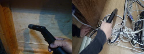 移動した棚・机の裏側の壁やパソコンの配線の中はホコリ除去
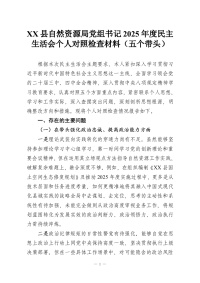 XX县自然资源局党组书记2025年度民主生活会个人对照检查材料(五个带头)
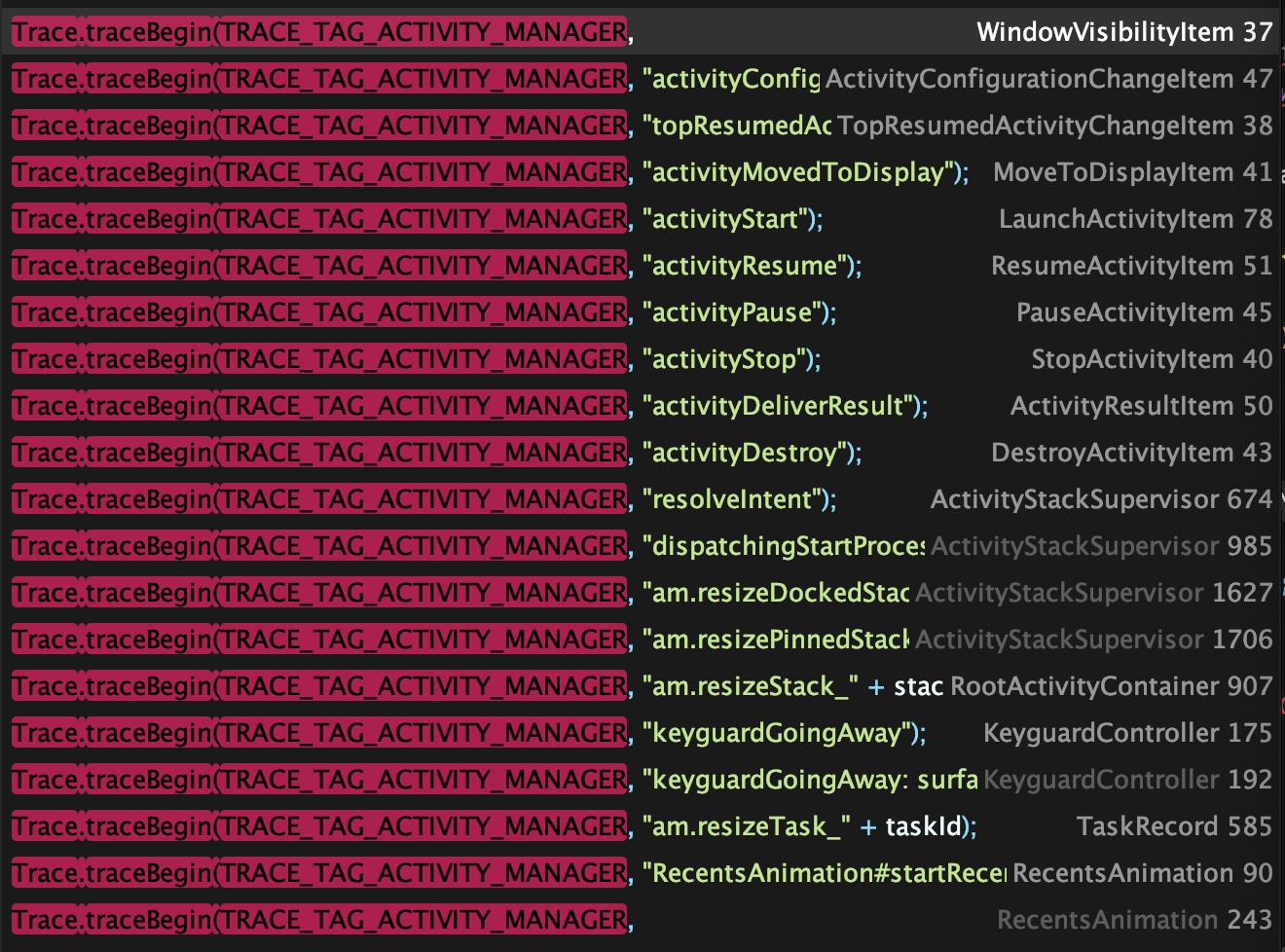 AMS 和 WMS 算是 SystemServer 中最繁忙的两个 Service 了,与 AMS 相关的 Trace 一般会用 TRACE_TAG_ACTIVITY_MANAGER 这个 TAG,在 Systrace 中的名字是 ActivityManager
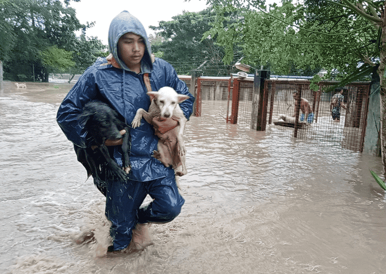 On Facebook, Aklan Animal Rescue and Rehabilitation Center posted pictures of their staff braving the murky waters in order to save the homeless dogs in their facility. They are now seeking financial assistance from kind-hearted individuals as many of their dog kennels got damaged.
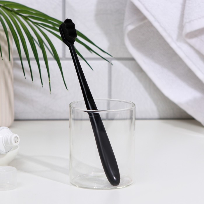 Сверхмягкая зубная щётка, 10000 щетинок, ребристая, чёрная
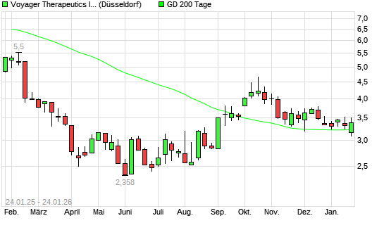 Mit dem Anstieg auf 3,33 EUR hat die Voyager Therapeutics-Aktie am 23.01.2026 die 200-Tage-Linie nach oben gekreuzt.Die Voyager Therapeutics-Aktie befand sich seit dem 19.01.2026 im langfristigen ...weiterlesen
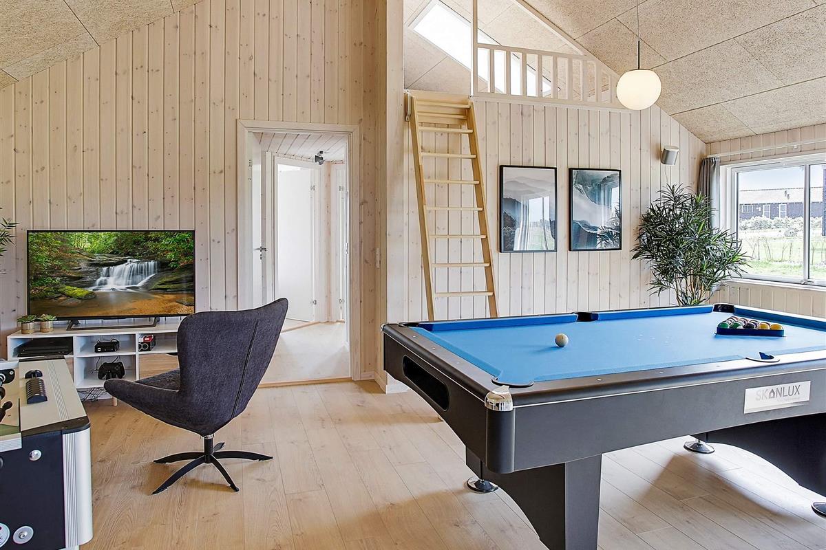 Nur etwa 500 m vom Wasser am Skåstrup Strand liegt dieses Ferienhaus. Es verfügt über einen 18 m² großen Swimmingpool mit Gegenstromanlage, einen Whirlpool und eine Sauna. Außerdem gibt es einen Aktivitätsraum, in dem Sie sich gegenseitig zu einer Runde Billard, Kicker, Tischtennis oder elektronischem Dart herausfordern können.
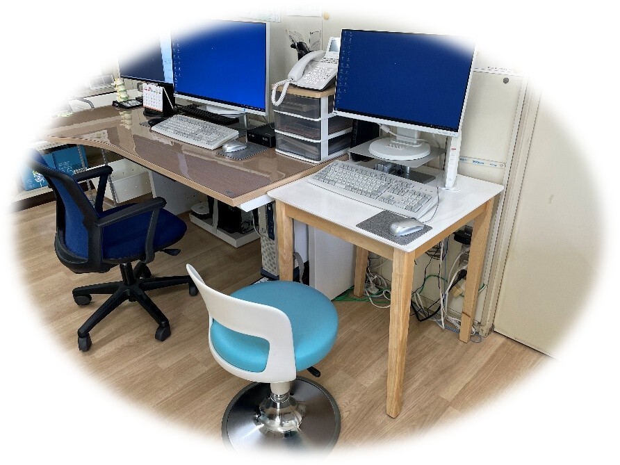 各診察室に医療クラーク専用のパソコンがあります。電子カルテの代行入力(カルテ記載、検査オーダー、予約etc)を中心に、医師の診療をサポートして頂きます。

****************************************

Please copy every record above exactly, but leave the pictures out.

 移動した棚・机の裏側の壁やパソコンの配線の中はホコリ除去
 XX县自然资源局党组书记2025年度民主生活会个人对照检查材料(五个带头)
 AMS 和 WMS 算是 SystemServer 中最繁忙的两个 Service 了,与 AMS 相关的 Trace 一般会用 TRACE_TAG_ACTIVITY_MANAGER 这个 TAG,在 Systrace 中的名字是 ActivityManager
 On Facebook, Aklan Animal Rescue and Rehabilitation Center posted pictures of their staff braving the murky waters in order to save the homeless dogs in their facility. They are now seeking financial assistance from kind-hearted individuals as many of their dog kennels got damaged.
 Сверхмягкая зубная щётка, 10000 щетинок, ребристая, чёрная
 Mit dem Anstieg auf 3,33 EUR hat die Voyager Therapeutics-Aktie am 23.01.2026 die 200-Tage-Linie nach oben gekreuzt.Die Voyager Therapeutics-Aktie befand sich seit dem 19.01.2026 im langfristigen ...weiterlesen
 Nur etwa 500 m vom Wasser am Skåstrup Strand liegt dieses Ferienhaus. Es verfügt über einen 18 m² großen Swimmingpool mit Gegenstromanlage, einen Whirlpool und eine Sauna. Außerdem gibt es einen Aktivitätsraum, in dem Sie sich gegenseitig zu einer Runde Billard, Kicker, Tischtennis oder elektronischem Dart herausfordern können.
 各診察室に医療クラーク専用のパソコンがあります。電子カルテの代行入力(カルテ記載、検査オーダー、予約etc)を中心に、医師の診療をサポートして頂きます。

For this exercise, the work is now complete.